Gluster implements a distributed filesystem. It is used for container volume management and syncing around the cluster.
Current Version: 3.7.6
As of 0.5.1, GlusterFS is distributed as an addon for Mantl. After a successful initial run (from your customized sample.yml), install it with ansible-playbook -e @security.yml addons/glusterfs.yml.
There is a bug with the current implementation where the glusterd servers will not come up after a restart, but they’ll be fine to start once the restart is complete. To do this after a restart, run:
ansible -m command -a 'sudo systemctl start glusterd' role=control
You will also need to mount the disks after this operation:
ansible -m command -a 'sudo mount -a' role=control
Any Docker volume should be able to access data inside the /mnt/container-volumes partition. Because of SELinux, the volume label needs to be updated within the container. You can use the z flag to do this, as in this example which will open up a prompt in a container where the volume is mounted properly at /data:
docker run --rm -it -v /mnt/container-volumes/test:/data:z gliderlabs/alpine /bin/sh
On Google Compute Engine, Amazon Web Services, and OpenStack the Mantl Terraform modules will create an external volume. By default, this volume will be 100gb, but you can change this with the Terraform glusterfs_volume_size variable. The attached disk will be formatted as an XFS volume and mounted on the control nodes.
The version of GlusterFS to download
default: 3.7.6
The mode that GlusterFS will be configured in. Valid values: “server” and “client”.
default: client
The amount of replication to use for new volumes. Should be a factor of the number of nodes in the server group
default: the number of control nodes present in the server group
A selector for a group to use as Gluster servers.
default: role=control
Where the Gluster external disk will be mounted on supported cloud providers.
default: /mnt/glusterfs
Automatically calculated depending on which cloud provider you are using. This should only be changed if you’re adding support for a new cloud provider or know very well where your volume is going to be located.
default: automatically generated
Whether the glusterfs volume should be force-created (that is, created with storage on the root partition.) This is true when not using a cloud provider that supports external block storage.

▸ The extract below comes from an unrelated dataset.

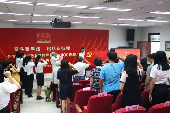在接下来的环节中,学院党委书记陈志伟向受到表彰的先进集体和优秀个人表示热烈的祝贺,向长期奋战在学院改革发展和立德树人一线的各党支部和党员干部表达衷心的感谢和节日的问候。她紧紧围绕习近平总书记近期重要讲话精神和我们党一百年的光辉历程,强调要深刻认识中国共产党的领导、中国特色社会主义道路是历史的选择、人民的选择,要不断增强继往开来走好新时代长征路的自觉性坚定性。她号召全体外文人胸怀两个大局,在危机中育新机、于变局中开新局,在新时代的长征路上留下属于自己的“奋进之笔”,为全面建成社会主义现代化强国、实现中华民族伟大复兴的中国梦而努力奋斗!最后,全体同志起身面对鲜红的党旗,在退休支部原党支部书记陈升法老师领誓下,新党员进行了入党宣誓,老党员重温了入党誓词。
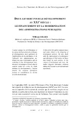 DEUX LEVIERS POUR LE DÉVELOPPEMENT

default: automatically generated “yes” or “no”
The area in the filesystem to store bricks. It defaults to the value of glusterfs_brick_mount if an external disk is mounted, and /etc/glusterfs/data otherwise.
default: automatically generated
A list of names and mounts for volumes. The default looks like this:
glusterfs_volumes:
- name: container-volumes
mount: /mnt/container-volumes
If you need to add any more volumes, be sure to include the container-volumes mount in the list, or that volume will not work on new servers.